(Stored entries)
==============================

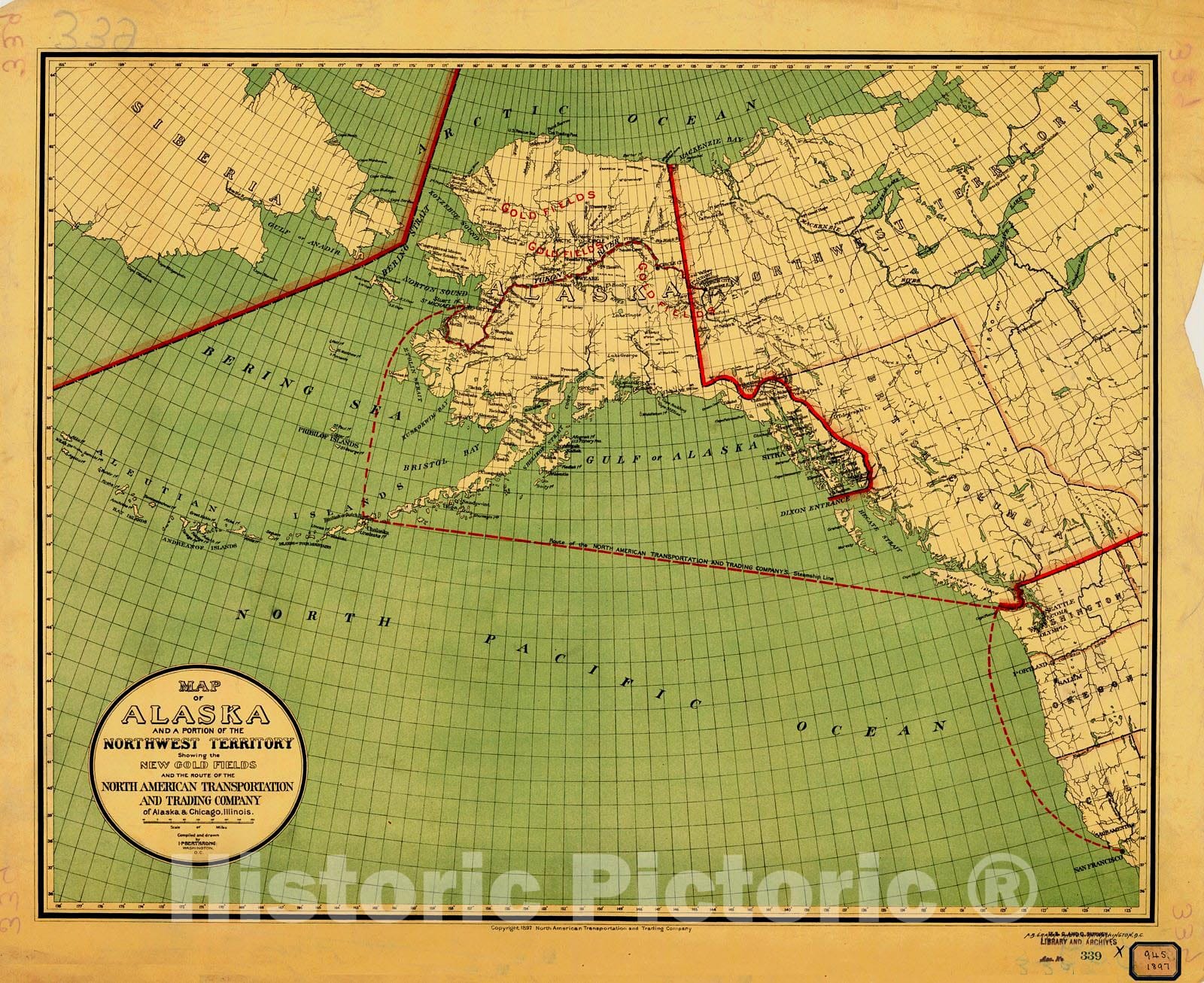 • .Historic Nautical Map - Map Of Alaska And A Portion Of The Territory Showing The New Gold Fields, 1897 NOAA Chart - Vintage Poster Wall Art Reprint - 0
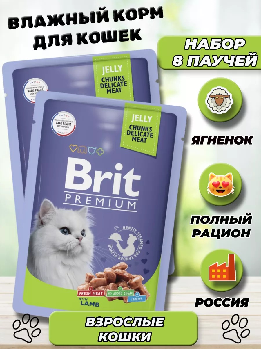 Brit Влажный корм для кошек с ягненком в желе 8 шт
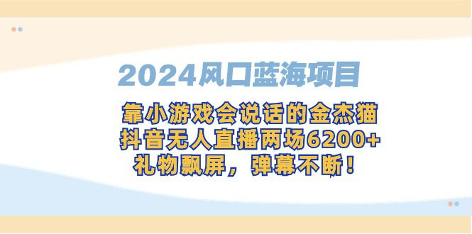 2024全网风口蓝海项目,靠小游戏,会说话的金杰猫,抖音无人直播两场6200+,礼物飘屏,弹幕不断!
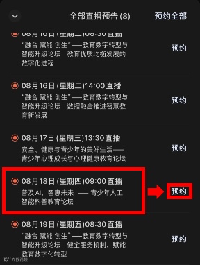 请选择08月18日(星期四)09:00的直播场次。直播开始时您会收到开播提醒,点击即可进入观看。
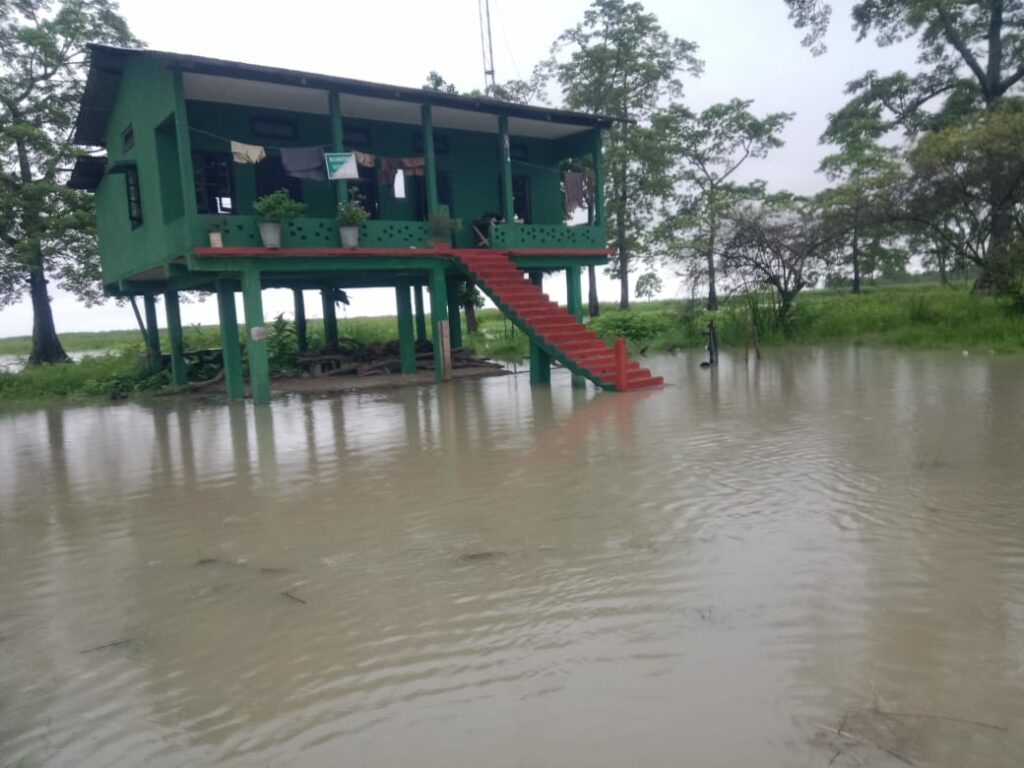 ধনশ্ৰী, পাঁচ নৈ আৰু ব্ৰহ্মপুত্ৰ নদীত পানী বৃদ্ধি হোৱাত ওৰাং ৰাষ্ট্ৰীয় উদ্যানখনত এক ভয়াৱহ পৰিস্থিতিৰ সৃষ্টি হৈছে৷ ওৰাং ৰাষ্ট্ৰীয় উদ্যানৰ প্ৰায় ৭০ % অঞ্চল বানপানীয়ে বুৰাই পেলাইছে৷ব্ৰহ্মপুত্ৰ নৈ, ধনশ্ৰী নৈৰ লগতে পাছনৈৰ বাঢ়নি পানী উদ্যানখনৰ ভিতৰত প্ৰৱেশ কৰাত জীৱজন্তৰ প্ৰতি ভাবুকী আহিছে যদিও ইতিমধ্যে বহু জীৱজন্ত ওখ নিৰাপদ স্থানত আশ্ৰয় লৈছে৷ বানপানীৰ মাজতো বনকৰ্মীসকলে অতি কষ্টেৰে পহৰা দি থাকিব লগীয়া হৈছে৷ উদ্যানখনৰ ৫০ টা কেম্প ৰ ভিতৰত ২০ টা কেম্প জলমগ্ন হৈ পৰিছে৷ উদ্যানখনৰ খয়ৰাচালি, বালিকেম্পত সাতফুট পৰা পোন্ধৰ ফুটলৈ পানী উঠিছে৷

==============================

# [What you have to do]
Each record has to be set down verbatim, and the pictures must not appear in the copy.

# [Task answer]
 • .Historic Nautical Map - Map Of Alaska And A Portion Of The Territory Showing The New Gold Fields, 1897 NOAA Chart - Vintage Poster Wall Art Reprint - 0
 Brit Влажный корм для кошек с ягненком в желе 8 шт
 2024全网风口蓝海项目,靠小游戏,会说话的金杰猫,抖音无人直播两场6200+,礼物飘屏,弹幕不断!
 请选择08月18日(星期四)09:00的直播场次。直播开始时您会收到开播提醒,点击即可进入观看。
 ধনশ্ৰী, পাঁচ নৈ আৰু ব্ৰহ্মপুত্ৰ নদীত পানী বৃদ্ধি হোৱাত ওৰাং ৰাষ্ট্ৰীয় উদ্যানখনত এক ভয়াৱহ পৰিস্থিতিৰ সৃষ্টি হৈছে৷ ওৰাং ৰাষ্ট্ৰীয় উদ্যানৰ প্ৰায় ৭০ % অঞ্চল বানপানীয়ে বুৰাই পেলাইছে৷ব্ৰহ্মপুত্ৰ নৈ, ধনশ্ৰী নৈৰ লগতে পাছনৈৰ বাঢ়নি পানী উদ্যানখনৰ ভিতৰত প্ৰৱেশ কৰাত জীৱজন্তৰ প্ৰতি ভাবুকী আহিছে যদিও ইতিমধ্যে বহু জীৱজন্ত ওখ নিৰাপদ স্থানত আশ্ৰয় লৈছে৷ বানপানীৰ মাজতো বনকৰ্মীসকলে অতি কষ্টেৰে পহৰা দি থাকিব লগীয়া হৈছে৷ উদ্যানখনৰ ৫০ টা কেম্প ৰ ভিতৰত ২০ টা কেম্প জলমগ্ন হৈ পৰিছে৷ উদ্যানখনৰ খয়ৰাচালি, বালিকেম্পত সাতফুট পৰা পোন্ধৰ ফুটলৈ পানী উঠিছে৷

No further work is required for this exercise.